Training parameters:

  • Learning rate: Determines by how much the parameters are updated in every step. Too small, and performance will take very long to improve, too large and performance will diverge. The optimal value depends on the network and data size but performance is relatively robust to the specific choice of value. Values between 0.1 and 0.0001 typically work.

  • Reduce learning rate patience: The learning rate can be reduced automatically if the performance on the validation set does not increase for the specified number of epochs. We did not find this to improve or speed up training much.

  • Number of epochs: Maximum number of training epochs. For training with small data sets during fast training, 10 epochs are typically sufficient. For training on larger datasets leave as is. Training will stop early if the performance on the validation set did not increase in the last 20 epochs.

  • Create tensorboard logs: Create tensorboard logs for monitoring training.

Training can be started locally in a separate process or a script can be generated for training on the command line, for instance on a cluster.

Train from the command line

The datasets are portable—you can copy the folder with the dataset to another computer with a GPU and run training from the GUI there. If that machine cannot be used with a GUI—for instance if it’s a linux server, the training and network configuration can be exported via the dialog as a command line script and executed via a terminal.

The script uses the command-line interface dss train for training DeepSS (see also train using command-line scripts) and its contents will look like this:

dss train --data-dir /Users/deepss/tutorial/gui_demo.npy --save-dir /Users/deepss/tutorial/gui_demo.res --nb-hist 256 --ignore-boundaries True --nb-filters 32 --kernel-size 32 --nb-conv 3 --use-separable False False False --learning-rate 0.0001 --nb-epoch 400 --model-name tcn --no-reduce-lr  --no-tensorboard

For the script to work on a different machine, it likely require some edits:

  • --data-dir needs to point to the dataset folder ending in .npy on the remote machine.

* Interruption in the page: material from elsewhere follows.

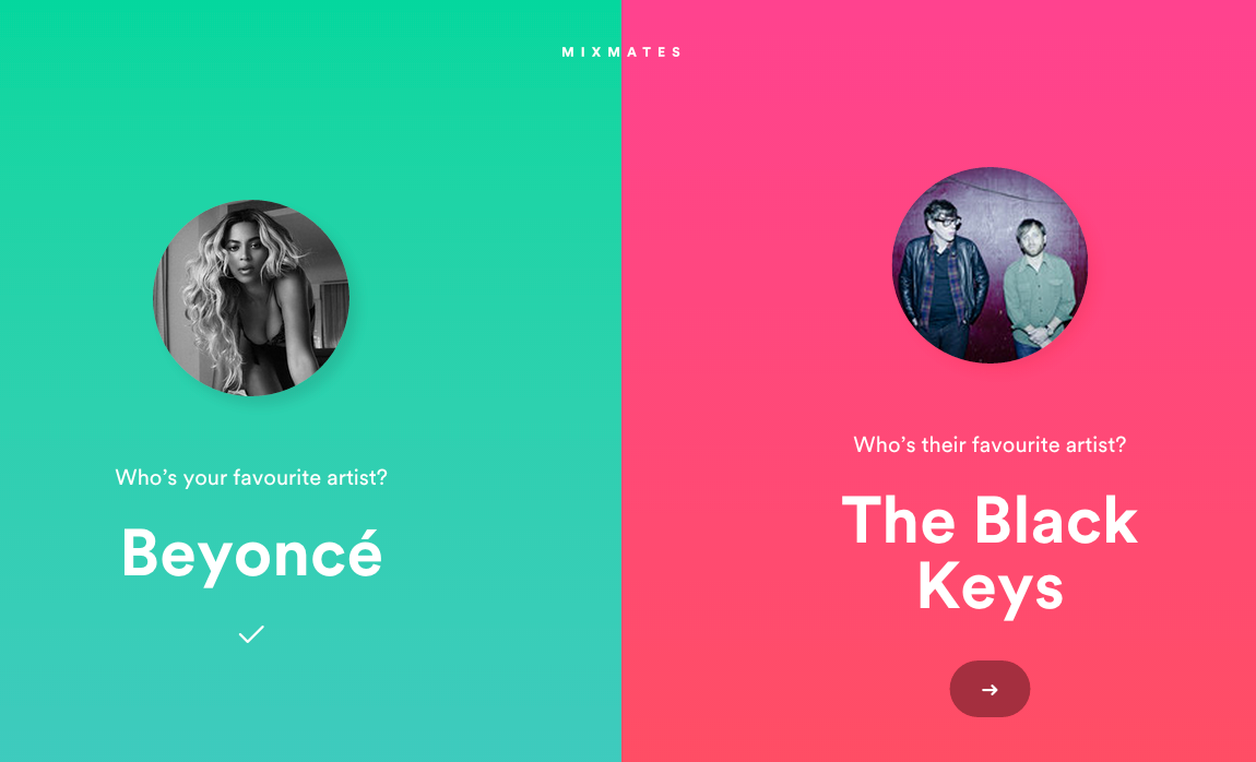 ¿Cómo funciona? La idea es que tú puedas combinar tu gusto musical con el de un amigo. Entonces, al ingresar en el sitio oficial, Mix Mates te va a preguntar cuál es tu artista favorito y cuál es el artista favorito de tu amigo. Allí, sus algoritmos harán la magia y te mostrarán los grados de separación entre un artista y otro.

  • --save-dir needs to point to a valid, writable path.

  • Add a line to activate a specific conda environment before running dss train. For instance, conda activate dss.

  • Activate linux modules, for instance to enable CUDA; or specify parameters for your job scheduler.

Files generated during training

The following files will be created in the save folder:

  • _model.h5: architecture and weights in one file.

  • _params.yaml: info on data formats etc.

  • _results.h5: results form the test data set.

The _model.h5 and _params.yaml are required for using the network for predictions and need to be copied to your local machine if you train remotely.